• [WHAT YOU NEED TO DO]: Using the records below, copy exactly the part that opens with the line holding "В среду, 9 октября, в" and closes with the line holding "2025新中式壁挂酒架新款酒吧酒架吧台背景展示架商用红白啤酒酒柜", minus the pictures.

** Opening EXERCISE DATA block **

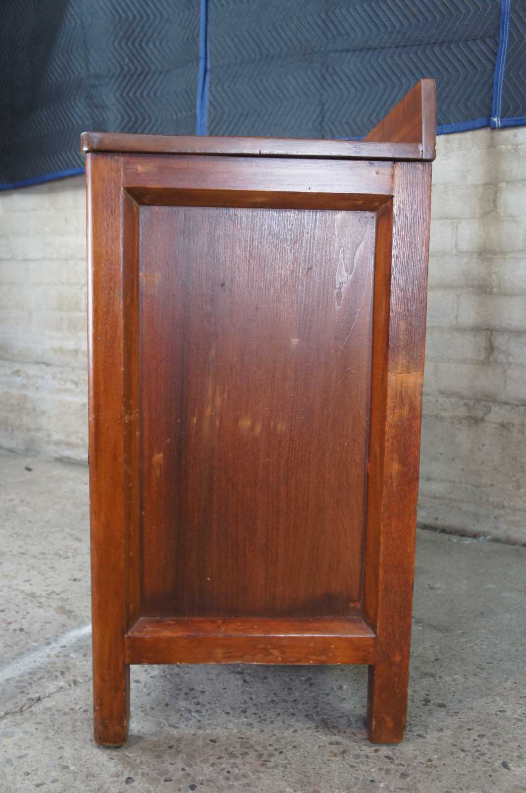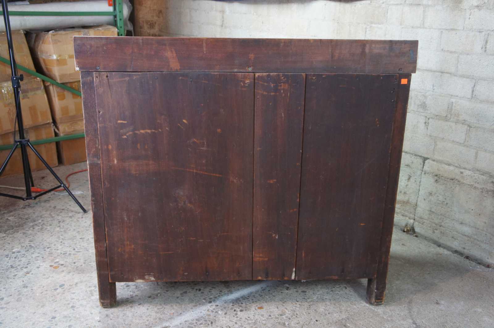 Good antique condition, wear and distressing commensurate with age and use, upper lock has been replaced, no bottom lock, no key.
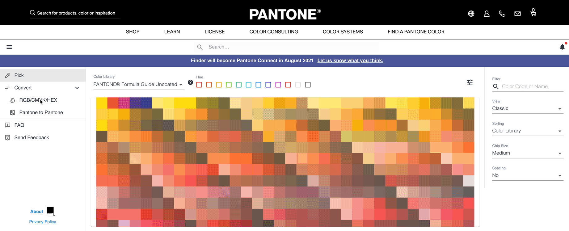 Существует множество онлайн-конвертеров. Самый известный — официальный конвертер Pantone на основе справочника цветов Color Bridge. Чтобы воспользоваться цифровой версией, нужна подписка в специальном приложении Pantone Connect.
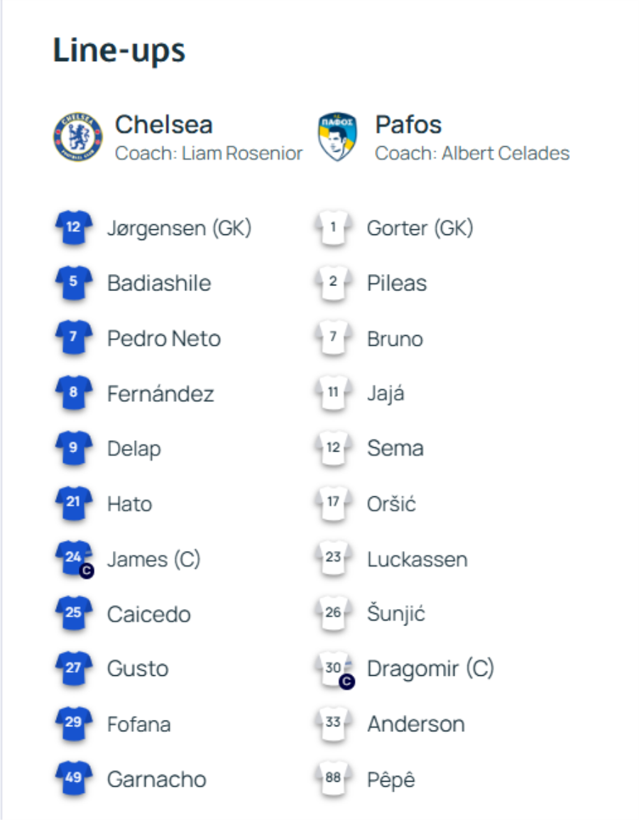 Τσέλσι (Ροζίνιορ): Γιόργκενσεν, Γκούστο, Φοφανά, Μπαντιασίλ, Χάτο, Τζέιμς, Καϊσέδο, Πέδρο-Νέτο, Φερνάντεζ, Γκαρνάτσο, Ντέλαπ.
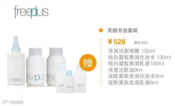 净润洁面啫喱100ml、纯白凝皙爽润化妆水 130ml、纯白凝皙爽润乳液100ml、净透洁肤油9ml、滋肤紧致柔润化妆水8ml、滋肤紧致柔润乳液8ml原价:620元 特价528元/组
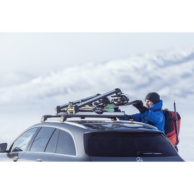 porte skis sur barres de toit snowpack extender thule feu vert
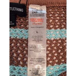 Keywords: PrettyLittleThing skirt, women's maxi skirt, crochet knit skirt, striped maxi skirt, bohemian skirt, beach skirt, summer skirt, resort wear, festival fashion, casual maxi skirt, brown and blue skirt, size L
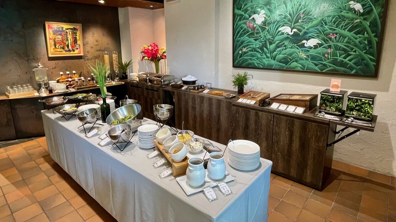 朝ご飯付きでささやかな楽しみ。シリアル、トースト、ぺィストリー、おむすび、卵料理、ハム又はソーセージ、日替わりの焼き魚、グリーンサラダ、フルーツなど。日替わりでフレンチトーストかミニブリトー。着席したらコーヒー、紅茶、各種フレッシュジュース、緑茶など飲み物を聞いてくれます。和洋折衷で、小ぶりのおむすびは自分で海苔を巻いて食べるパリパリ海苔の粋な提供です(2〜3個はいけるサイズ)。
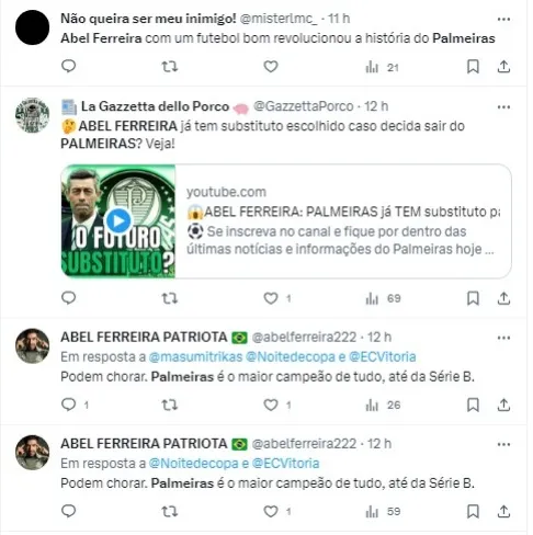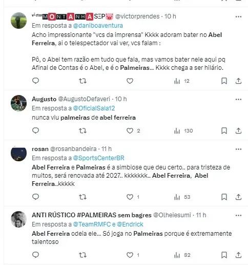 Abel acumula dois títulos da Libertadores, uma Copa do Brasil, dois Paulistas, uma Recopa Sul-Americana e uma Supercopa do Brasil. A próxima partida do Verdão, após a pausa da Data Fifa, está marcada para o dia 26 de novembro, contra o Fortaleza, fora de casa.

** Closing EXERCISE DATA block **
** Opening EXERCISE DATA block **

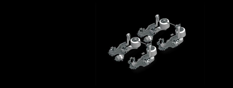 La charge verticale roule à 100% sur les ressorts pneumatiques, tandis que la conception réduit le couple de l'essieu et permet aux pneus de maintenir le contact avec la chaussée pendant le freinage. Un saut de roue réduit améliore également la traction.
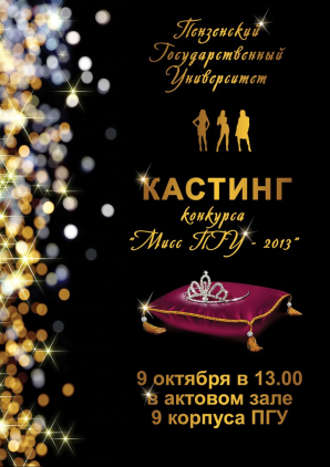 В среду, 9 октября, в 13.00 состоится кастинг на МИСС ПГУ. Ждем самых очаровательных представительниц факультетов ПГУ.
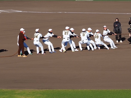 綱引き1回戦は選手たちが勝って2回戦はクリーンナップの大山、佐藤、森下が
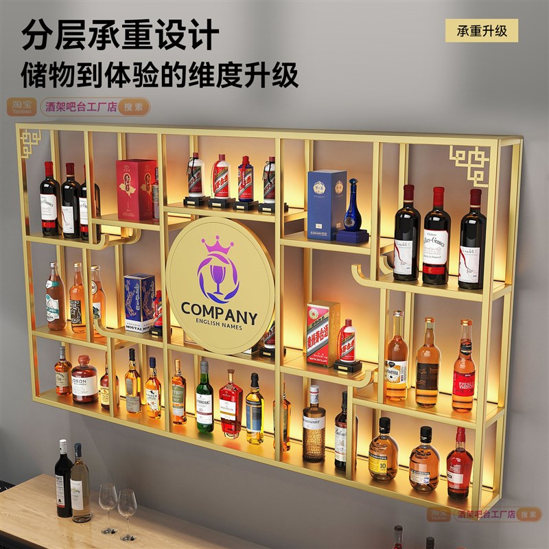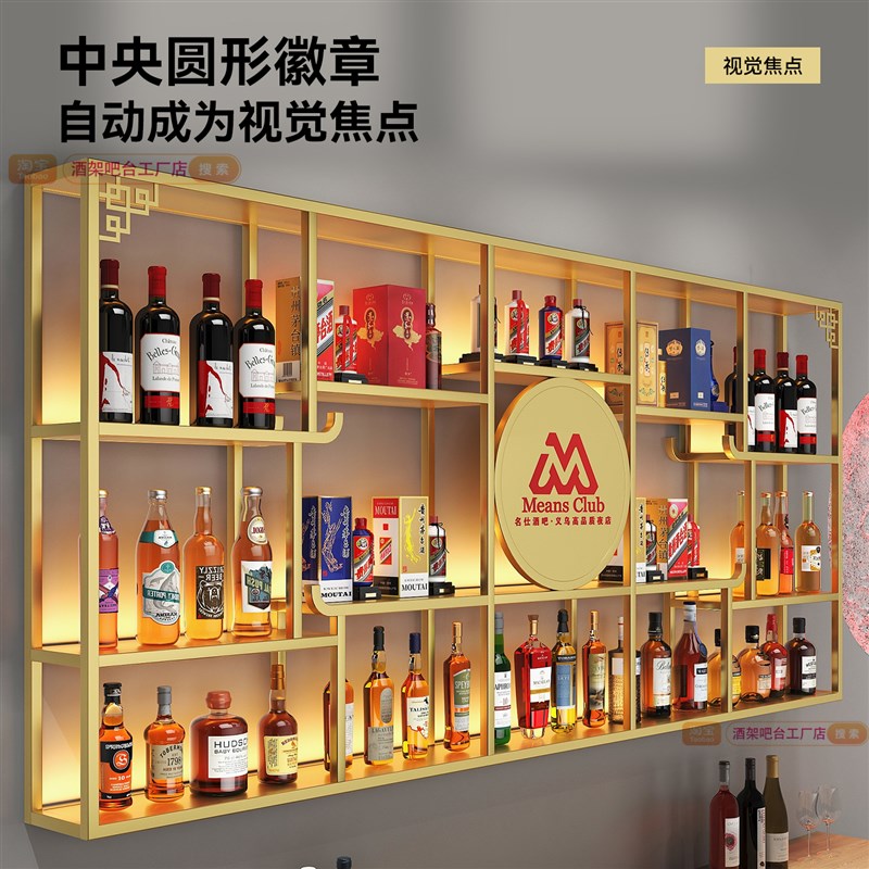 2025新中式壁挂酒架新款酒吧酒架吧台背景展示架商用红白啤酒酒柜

** Closing EXERCISE DATA block **

• [RESULT FOR THIS EXERCISE]:
 В среду, 9 октября, в 13.00 состоится кастинг на МИСС ПГУ. Ждем самых очаровательных представительниц факультетов ПГУ.
 綱引き1回戦は選手たちが勝って2回戦はクリーンナップの大山、佐藤、森下が
 2025新中式壁挂酒架新款酒吧酒架吧台背景展示架商用红白啤酒酒柜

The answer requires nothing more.